XV
В тот момент наша история достигла пароксизма. Он должен был бы нас сблизить. И тут я лишний раз осознаю, что все, что сближает нас с Кризи, в то же время нас разъединяет и удаляет друг от друга. В тех яростных объятиях еще была любовь, но было и взаимное ожесточение, а быть может, даже и ненависть. Наступает тот день, когда из любви рождается любовь, то есть нечто третье, которое руководит нами, помыкает нами, и мы ничего не можем с этим поделать. Приходит день, когда любовь становится именно тем, что у людей принято называть любовью, то есть болезнью, пожирающим нас вирусом, становится нашим поражением, нашим врагом, который, поселившись в нас, нас же и уничтожает. Позади моей стальной Кризи я увидел других Кризи: ту, что испытывает страх по ночам, ту, что воздвигает вокруг нас декорации некой жизни, не являющейся нашей жизнью: декорации нашего домика, нашей маленькой семьи. К этим Кризи я еще способен испытывать нежность. А вот к той женщине, которая появилась в ту ночь, после концерта Сэмми Минелли, к той женщине у меня нет ни нежности, ни ненависти: к той женщине, которая каждый вечер подводит баланс, причем со мной даже более мелочно, чем с управляющим своего магазинчика. Женщина, которая подводит баланс, — это женщина, которая думает, что ее обкрадывают. Женщина, полагающая, что ее обкрадывают, очень скоро становится мелочной. Если в один, например, день я остаюсь у Кризи два часа пятьдесят минут, то на следующий день она мне говорит: «Вчера ты пробыл от силы два часа». Если в какой-нибудь день мне заехать к ней не удается, то я слышу от нее: «Мне тут приходится целыми днями сидеть одной, без тебя». Если я говорю, что в домике плохо с отоплением, то через неделю она вдруг начинает упрекать: «Ты только и ждешь, чтобы отказаться от него». Я тоже подвожу свой баланс: «Два часа пятьдесят минут — это не два часа, а почти три». Мы спорим об этих десяти минутах, как проштрафившиеся кассиры. И теперь по вечерам бывает, что она в моих объятиях не засыпает. Мои уходы — это всякий раз тысяча терзаний. Однажды я пришел раньше нее, и, вынужденный ответить по телефону в связи с какими-то ее сеансами позирования, я открыл ее записную книжку, где она записывала время намечаемых встреч. Я увидел там пометки обо всех моих посещениях, причем сделанные с предельной точностью: пришел в шестнадцать тридцать, ушел в девятнадцать двадцать. Скорее всего это делалось для того, чтобы придать чуть больше реальности этим слишком быстро пролетающим часам.

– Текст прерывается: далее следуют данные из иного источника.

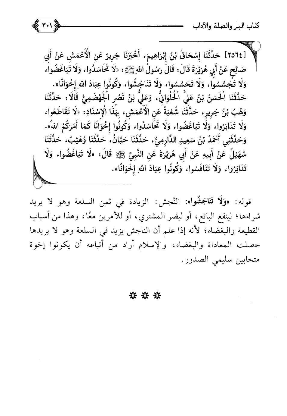 [٢٥٦٤] حَدَّثَنَا إِسْحَاقُ بْنُ إِبْرَاهِيمَ، أَخْبَرَنَا جَرِيرٌ عَنِ الْأَعْمَشِ عَنْ أَبِي صَالِحٍ عَنْ أَبِي هُرَيْرَةَ قَالَ: قَالَ رَسُولُ اللَّهِ صلى الله عليه وسلم: ((لَا تَحَاسَدُوا، وَلَا تَبَاغَضُوا، وَلَا تَجَسَّسُوا، وَلَا تَحَسَّسُوا، وَلَا تَنَاجَشُوا وَكُونُوا عِبَادَ اللَّهِ إِخْوَانًا)).

А я увидел в этом один только бухгалтерский учет, который меня раздражает. Знаю, я не прав, знаю, я несправедлив. И скорее всего именно это приводит меня в отчаяние. Я знаю, что в конечном счете все сводится к одному-единственному препятствию, и этим препятствием являюсь я сам, моя другая жизнь, мой другой дом, которые я упорно пытаюсь сохранить. Нужно тут еще сказать, что у Кризи это все было лишь мгновениями, минутными всплесками, перепадами настроения. Через секунду она уже смеется, встряхивает своими волосами, бросается ко мне в объятия, целует меня. А для меня это не мгновения, и все это я тащу за собой. Однажды ночью, думая, что она уже спит, я тихонько высвободил руку, оделся и обернулся. Вижу, она сидит на краю постели. И говорит: «Возьми меня с собой». Она произнесла это тихим голосом, склонив голову, даже не глядя на меня, чертя что-то пальцем на простыне. Я подхожу к ней. Беру ее за плечи. Она поднимает голову. В тусклом свете, проникающем через витраж, я вижу, что ее лицо блестит от слез. «Возьми меня с собой». Каким-то совершенно безучастным голосом. «Возьми меня. Я больше не могу оставаться одна». Она дрожит. Вокруг нас — сплошная ночь. И мы потерялись в ночи. «Моя Кризи, малышка моя, я не могу, и ты это знаешь. Я не могу, и ты должна это понять». — «Да, — говорит она. — Но все-таки возьми». — «Я не могу». — «Увези меня». — «Я не могу».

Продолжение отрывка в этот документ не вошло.